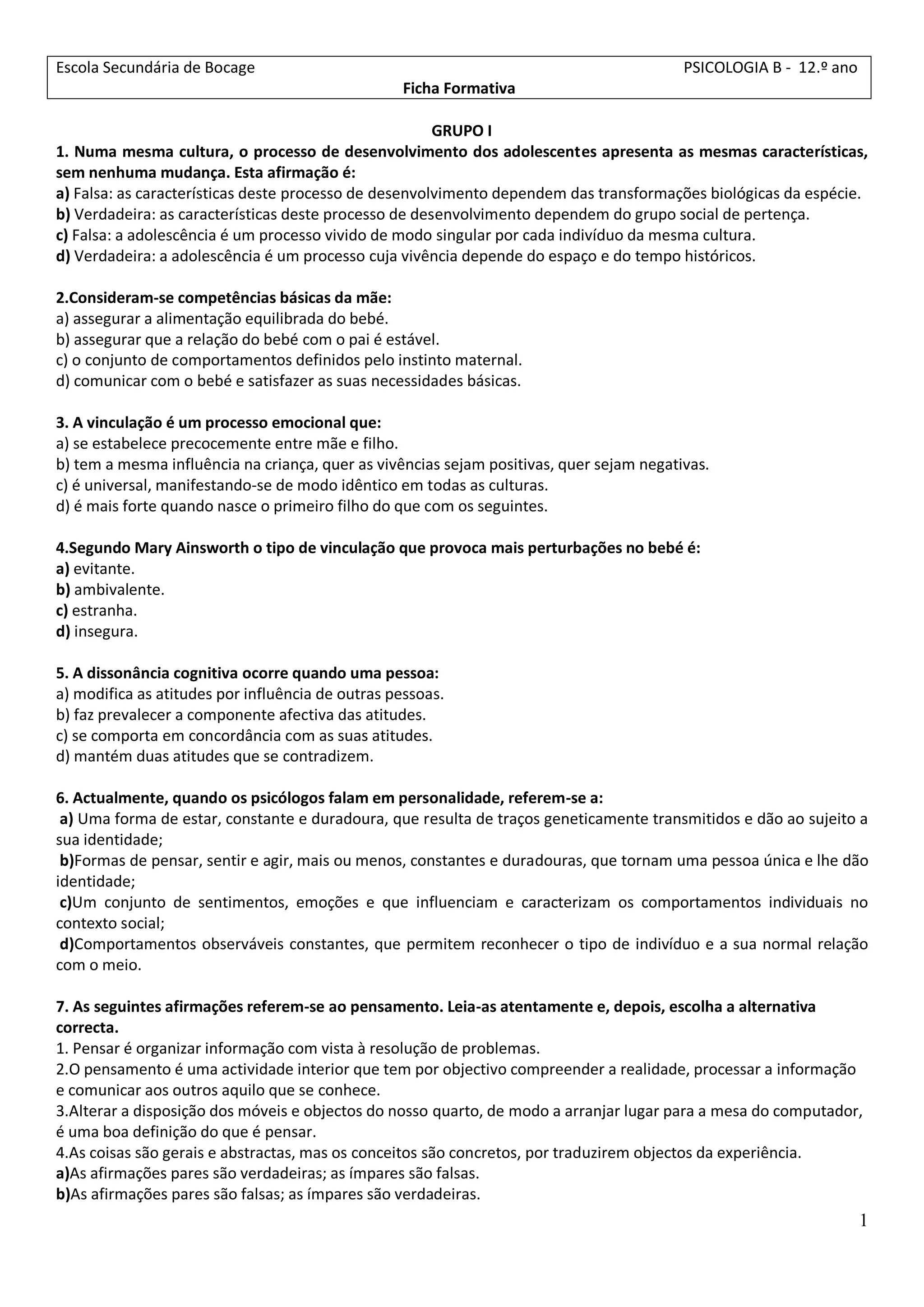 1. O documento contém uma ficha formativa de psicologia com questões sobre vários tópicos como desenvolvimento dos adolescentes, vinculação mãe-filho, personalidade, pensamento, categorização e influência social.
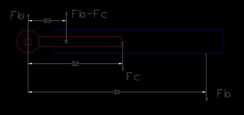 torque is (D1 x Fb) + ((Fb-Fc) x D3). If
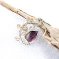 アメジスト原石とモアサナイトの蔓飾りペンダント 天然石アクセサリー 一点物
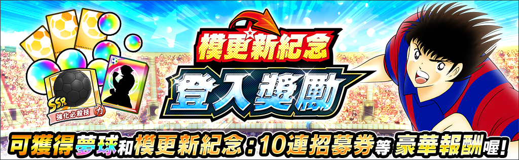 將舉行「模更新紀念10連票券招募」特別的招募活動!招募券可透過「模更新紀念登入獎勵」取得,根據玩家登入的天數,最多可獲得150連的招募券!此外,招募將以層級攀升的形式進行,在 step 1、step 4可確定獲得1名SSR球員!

⁂

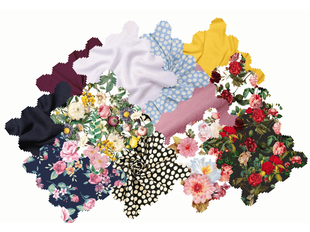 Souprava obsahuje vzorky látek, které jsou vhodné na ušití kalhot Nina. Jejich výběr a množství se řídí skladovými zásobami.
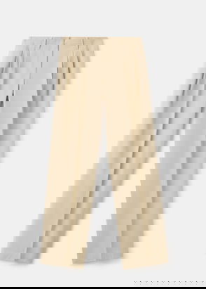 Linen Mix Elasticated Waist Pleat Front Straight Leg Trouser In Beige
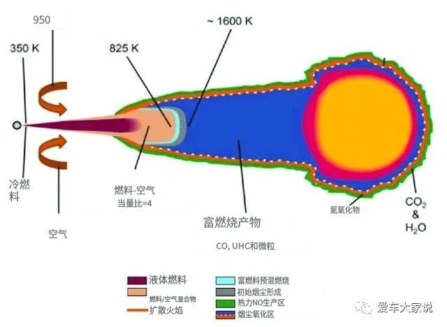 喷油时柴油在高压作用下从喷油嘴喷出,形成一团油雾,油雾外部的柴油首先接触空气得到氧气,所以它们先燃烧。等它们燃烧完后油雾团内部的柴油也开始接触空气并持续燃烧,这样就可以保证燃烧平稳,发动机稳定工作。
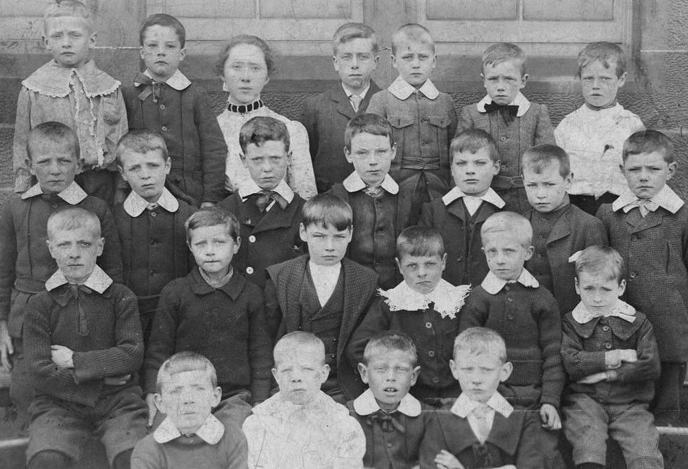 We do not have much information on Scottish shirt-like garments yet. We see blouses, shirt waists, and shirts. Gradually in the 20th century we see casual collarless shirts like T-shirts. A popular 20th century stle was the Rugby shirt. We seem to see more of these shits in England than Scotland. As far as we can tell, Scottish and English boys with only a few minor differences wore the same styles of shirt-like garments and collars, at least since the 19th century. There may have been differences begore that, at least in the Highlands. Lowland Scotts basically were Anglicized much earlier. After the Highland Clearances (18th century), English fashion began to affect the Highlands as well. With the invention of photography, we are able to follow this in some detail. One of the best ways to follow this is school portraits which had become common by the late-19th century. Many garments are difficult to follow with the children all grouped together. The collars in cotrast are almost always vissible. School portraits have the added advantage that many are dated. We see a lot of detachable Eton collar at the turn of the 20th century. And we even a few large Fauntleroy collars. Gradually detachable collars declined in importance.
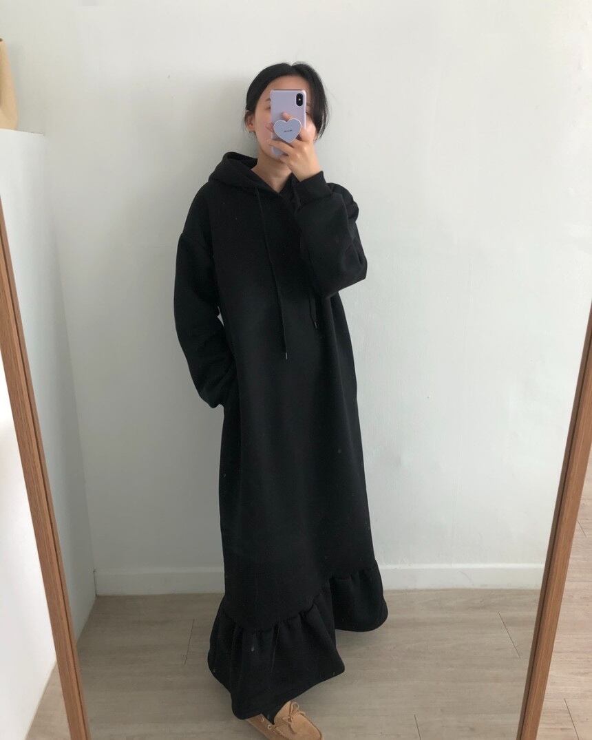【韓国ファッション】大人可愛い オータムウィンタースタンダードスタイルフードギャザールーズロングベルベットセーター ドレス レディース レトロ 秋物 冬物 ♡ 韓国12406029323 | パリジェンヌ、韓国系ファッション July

⁂

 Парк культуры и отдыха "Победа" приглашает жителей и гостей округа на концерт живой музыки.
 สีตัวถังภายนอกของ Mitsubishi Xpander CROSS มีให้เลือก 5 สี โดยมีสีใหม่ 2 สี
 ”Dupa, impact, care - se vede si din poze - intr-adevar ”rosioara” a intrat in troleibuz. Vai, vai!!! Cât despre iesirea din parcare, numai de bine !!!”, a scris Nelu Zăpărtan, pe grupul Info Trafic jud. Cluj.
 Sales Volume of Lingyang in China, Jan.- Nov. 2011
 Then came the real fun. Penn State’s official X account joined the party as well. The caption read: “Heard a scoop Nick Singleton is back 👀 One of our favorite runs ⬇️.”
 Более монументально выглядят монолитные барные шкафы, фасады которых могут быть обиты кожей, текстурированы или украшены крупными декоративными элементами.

⁂

Assigned task :: Above are the entries. Quote exactly the lines from the one bearing "Then came the" through the one bearing "Более монументально выглядят".

Solution to this exercise ::
 Then came the real fun. Penn State’s official X account joined the party as well. The caption read: “Heard a scoop Nick Singleton is back 👀 One of our favorite runs ⬇️.”
 Более монументально выглядят монолитные барные шкафы, фасады которых могут быть обиты кожей, текстурированы или украшены крупными декоративными элементами.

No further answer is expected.